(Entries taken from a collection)
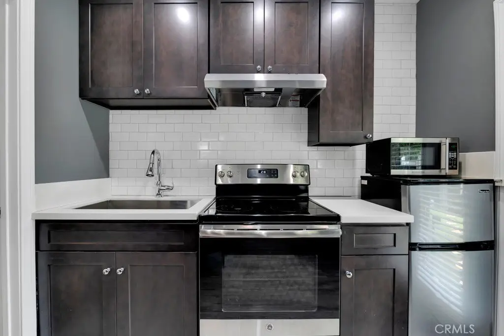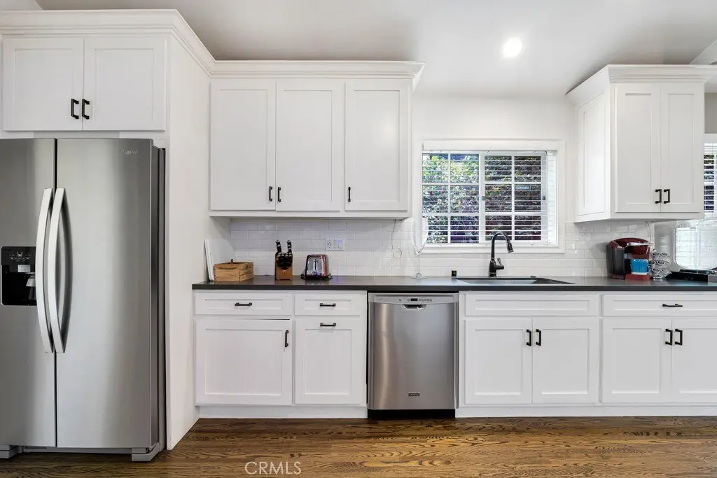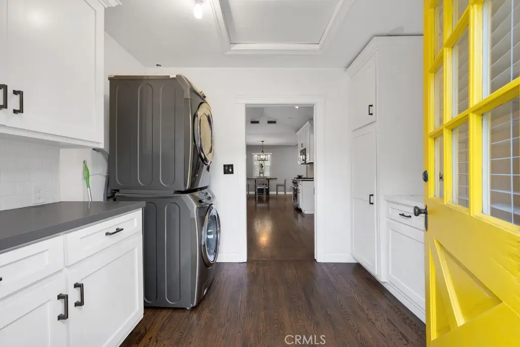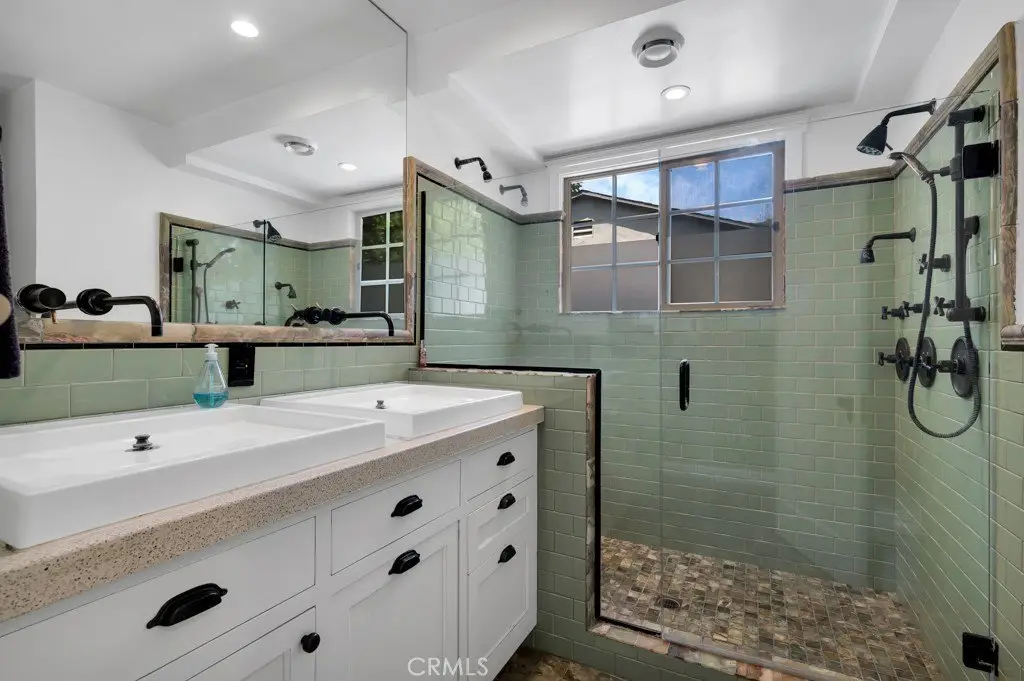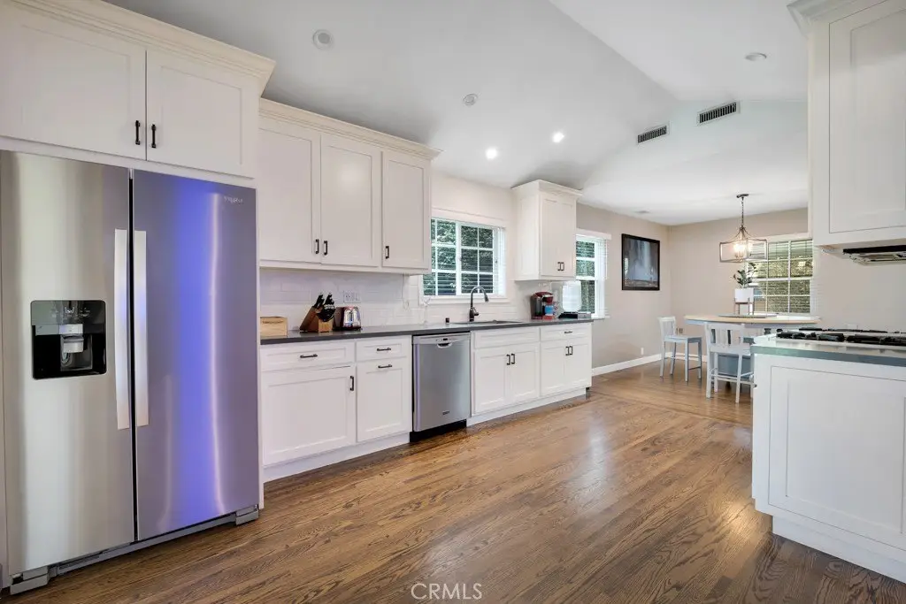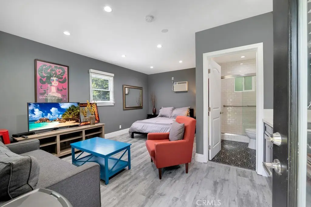 This stunningly renovated and expanded three bedroom, two bathroom home is a true masterpiece! With its soaring vaulted ceilings and open, airy layout, this residence showcases top-notch finishes and exceptional indoor/outdoor living. A charming Dutch door welcomes you into the cozy formal living room, featuring a sophisticated stone fireplace as its centerpiece. The seamless flow of the open-concept design leads you effortlessly into the dining area, which is beautifully highlighted by a striking architectural light fixture. The contemporary kitchen is a chef's dream, complete with custom cabinetry, quartz countertops, a Wolf range, and high-end stainless steel appliances. The newly designed master suite is a luxurious retreat, featuring a spacious walk-through closet and an ensuite bathroom adorned with premium finishes such as Waterworks tile, bespoke cabinetry, and elegant European fixtures. The airy great room is accentuated by large modern bi-fold doors that open up completely to reveal a brand-new deck and an exquisitely landscaped backyard. The outdoor space boasts a heated saltwater pool and a Studio ADU equipped with its own full kitchen. Additionally, the property is outfitted with fully paid-off Tesla solar panels and two Tesla batteries, enhancing its energy efficiency. This incredible opportunity is not to be missed!
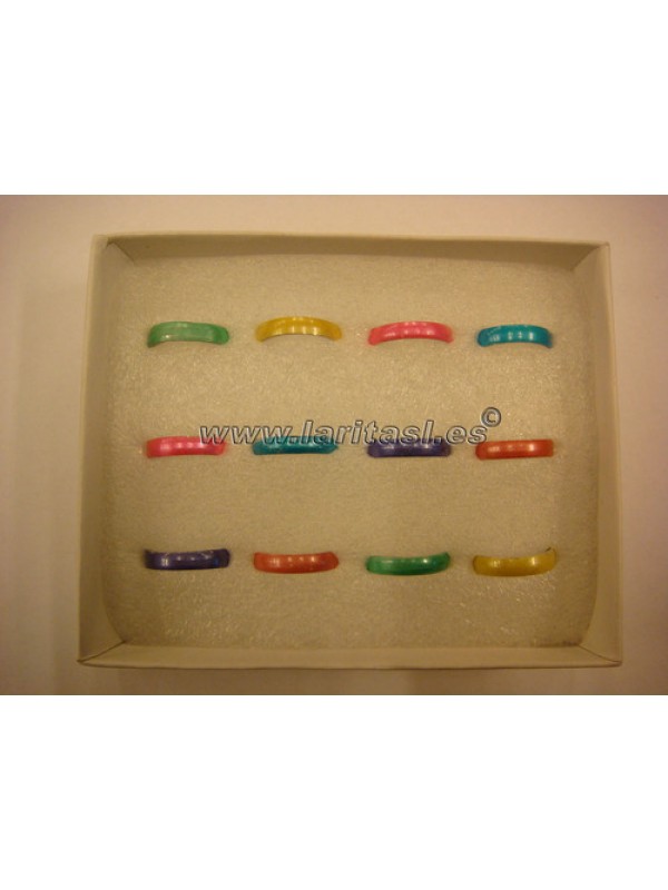 Anillos de aluminio, caja de 12 unidades con colores surtidos.
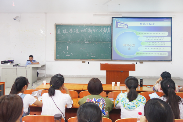 为了保障新生的人身安全和财产安全,9月5日下午,美术学院于文津楼B515举办了大学生安全知识讲座。参加本次讲座的有淮北市烈山区派出所警官苗欣、院党委副书记李曙光、团委书记胡天佼、辅导员赵峰以及2016级全体新生。
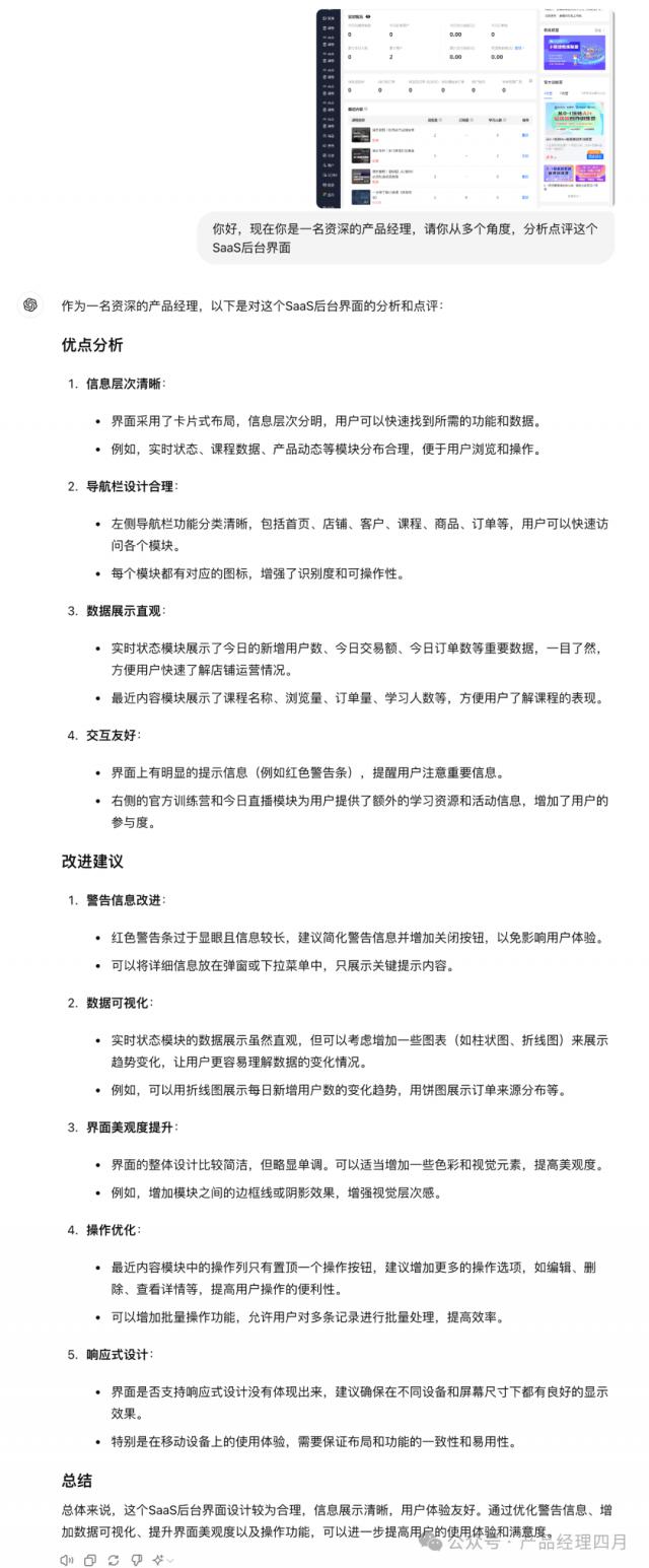 你看,我上传了一张鹅通的照片。 SaaS 后台界面,只使用简单的提示,GPT 1 在几分钟内给出了优势分析和改进建议。
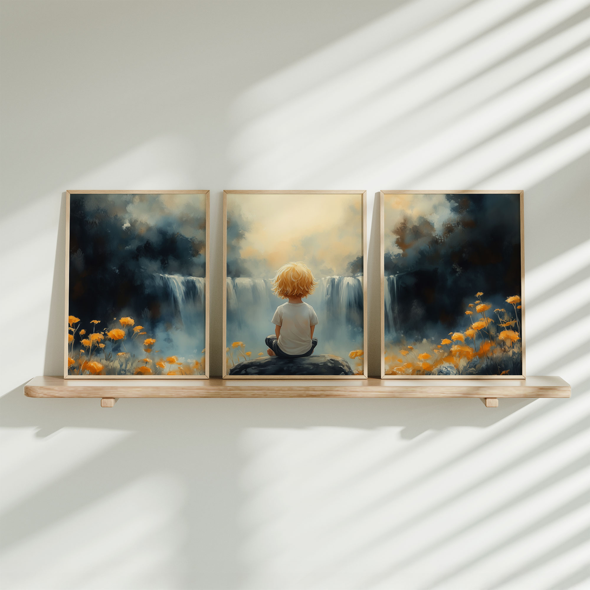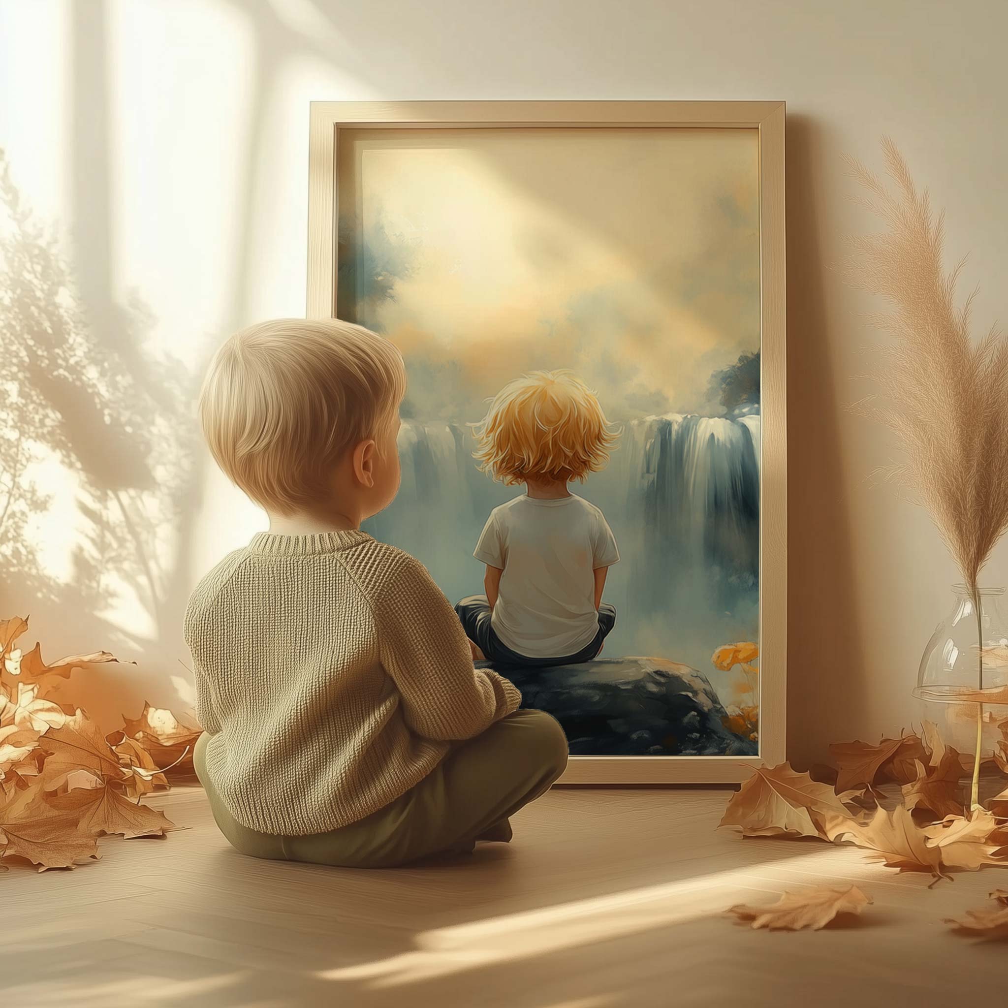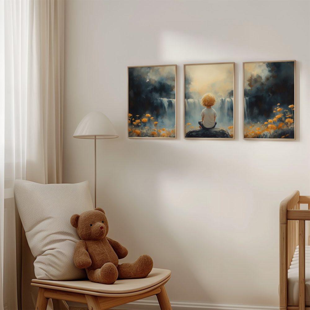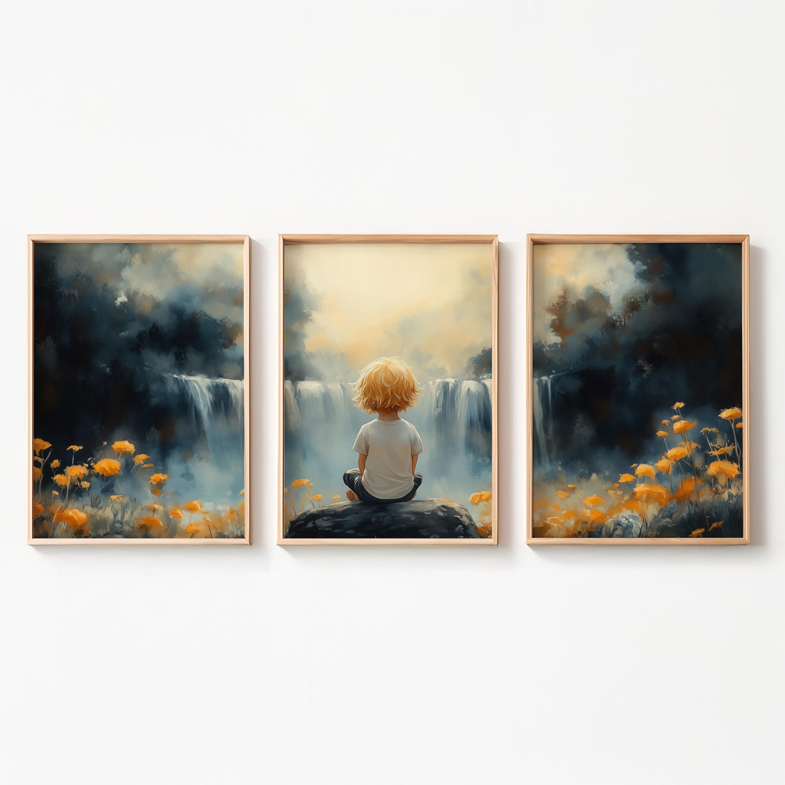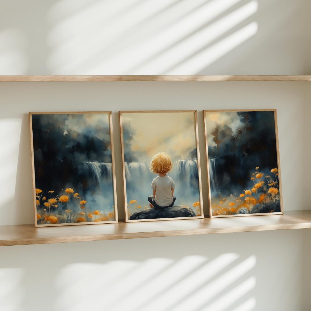Terug naar collectie / Kinderkamer posters / Bloemen posters / Jongen bij waterval in dromerig bloemenveld

- [REQUIREMENT]: In the reply, each line of the data must appear exactly as written, and no picture may appear.

- [TASK SOLUTION]:
 This stunningly renovated and expanded three bedroom, two bathroom home is a true masterpiece! With its soaring vaulted ceilings and open, airy layout, this residence showcases top-notch finishes and exceptional indoor/outdoor living. A charming Dutch door welcomes you into the cozy formal living room, featuring a sophisticated stone fireplace as its centerpiece. The seamless flow of the open-concept design leads you effortlessly into the dining area, which is beautifully highlighted by a striking architectural light fixture. The contemporary kitchen is a chef's dream, complete with custom cabinetry, quartz countertops, a Wolf range, and high-end stainless steel appliances. The newly designed master suite is a luxurious retreat, featuring a spacious walk-through closet and an ensuite bathroom adorned with premium finishes such as Waterworks tile, bespoke cabinetry, and elegant European fixtures. The airy great room is accentuated by large modern bi-fold doors that open up completely to reveal a brand-new deck and an exquisitely landscaped backyard. The outdoor space boasts a heated saltwater pool and a Studio ADU equipped with its own full kitchen. Additionally, the property is outfitted with fully paid-off Tesla solar panels and two Tesla batteries, enhancing its energy efficiency. This incredible opportunity is not to be missed!
 Anillos de aluminio, caja de 12 unidades con colores surtidos.
 为了保障新生的人身安全和财产安全,9月5日下午,美术学院于文津楼B515举办了大学生安全知识讲座。参加本次讲座的有淮北市烈山区派出所警官苗欣、院党委副书记李曙光、团委书记胡天佼、辅导员赵峰以及2016级全体新生。
 你看,我上传了一张鹅通的照片。 SaaS 后台界面,只使用简单的提示,GPT 1 在几分钟内给出了优势分析和改进建议。
Terug naar collectie / Kinderkamer posters / Bloemen posters / Jongen bij waterval in dromerig bloemenveld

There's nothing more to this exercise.